Following the Spanish–American War, Puerto Rico was ceded to the United States in 1898, through the signing of the Treaty of Paris. Puerto Rico became an unincorporated, organized territory of the US through a series of judicial decisions by the Supreme Court of the United States, collectively known as the Insular Cases and the enactment of several statutes by Congress.

In 1900, the U.S. Congress enacted the Foraker Act, establishing a civil government in the territory and then in 1917, Puerto Ricans were granted United States citizenship, by the enactment of the Jones-Shafroth Act. The Office of the President is responsible for policy relations between the United States and Puerto Rico, although according to the Territorial Clause of Constitution of the United States of America "The Congress shall have power to dispose of and make all needful Rules and Regulations respecting the Territory or other Property belonging to the United States...".

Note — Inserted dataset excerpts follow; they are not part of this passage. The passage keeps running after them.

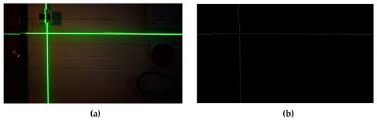 According to Equations (1) and (2), all the points on structured light planes can be calculated. First of all, the light strips on the image frame need to be detected, as shown in Figure 3.
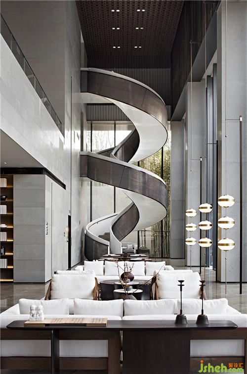 旋轉(zhuǎn)樓梯如一座極具美感的雕塑,優(yōu)雅的弧形設(shè)計(jì)給平鋪直敘中增添了韻律,賦予了前廳靈魂。具有當(dāng)代性的金屬材質(zhì)在樓梯的運(yùn)用中,生出了溫潤(rùn)的東方氣質(zhì)。
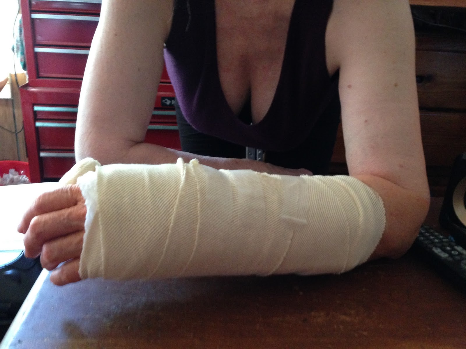 Doc wanted to put me into a non-removable cast for an additional four weeks. No. Not a chance in hell are we doing that. I just went thru 15 days unable to fix my own problem and my knuckle still barks at me.
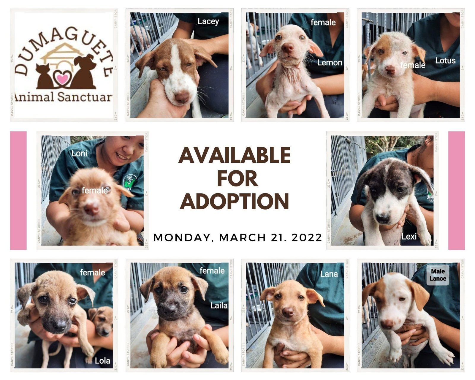 One of four puppies abandoned in March 2022, Lemon was adopted today by Jessa, Erwin, and Angelie. All four pups had Parvovirus, so spent their isolation time away from other dogs until they tested clear. They seem to have no lingering problems, and Lotus, Lacey and Lexi are all waiting their turn! Check out our dogs ready for adoption here.
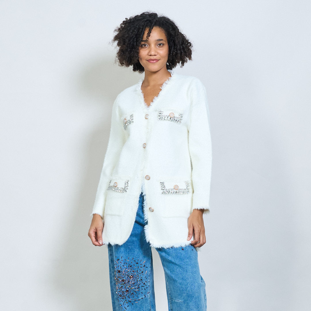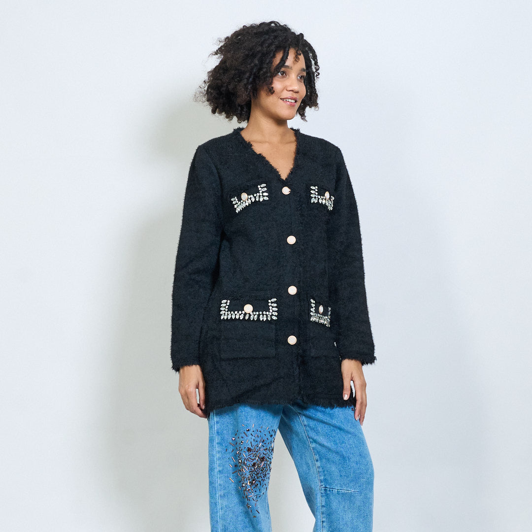- Savybės yra keturios priekinės kišenės, papuoštos brangakmeniais
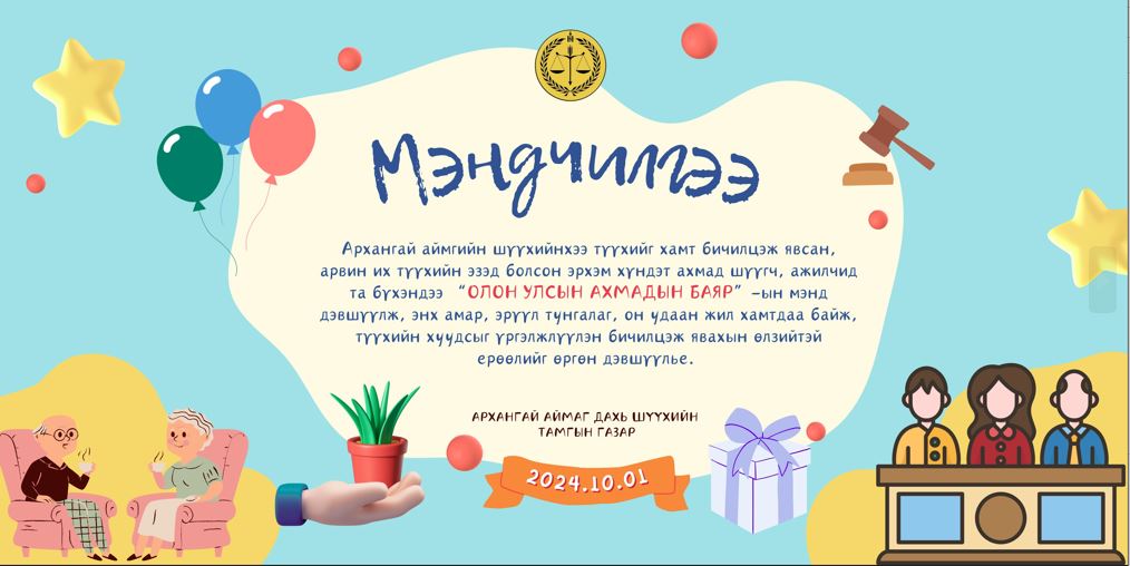 2025-12-10 | 486Архангай аймгийн шүүхийнхээ түүхийг хамт бичилцэж явсан, арвин их түүхийн эзэд болсон эрхэм хүндэт ахмад шүүгч, ажилчид та бүхэндээ “ОЛОН УЛСЫН АХМАДЫН БАЯР”-ын мэнд дэвшүүлж, энх амар, эрүүл тунгалаг, он удаан жил хамтдаа байж, түүхийн хуудсыг үргэлжлүүлэн бичилцэж явахын өлзийтэй ерөөлийг өргөн дэвшүүлье.

In 1946, Puerto Rican native Jesús T. Piñero was appointed as governor. The first Puerto Rican gubernatorial election happened in 1948 and resulted in a victory of Popular Democratic Party candidate Luis Muñoz Marín. In 1952, voters in Puerto Rico approved a new constitution proposed by Governor Muñoz Marin after increased pressure locally along with internationally to decolonize the island; this led to the territory being designated as a commonwealth. This new title of "commonwealth" did not change how Puerto Rico was related to the United States, allowing Congress to continue holding power over it as an unincorporated territory. The current constitution of Puerto Rico entered into force on July 25, 1952.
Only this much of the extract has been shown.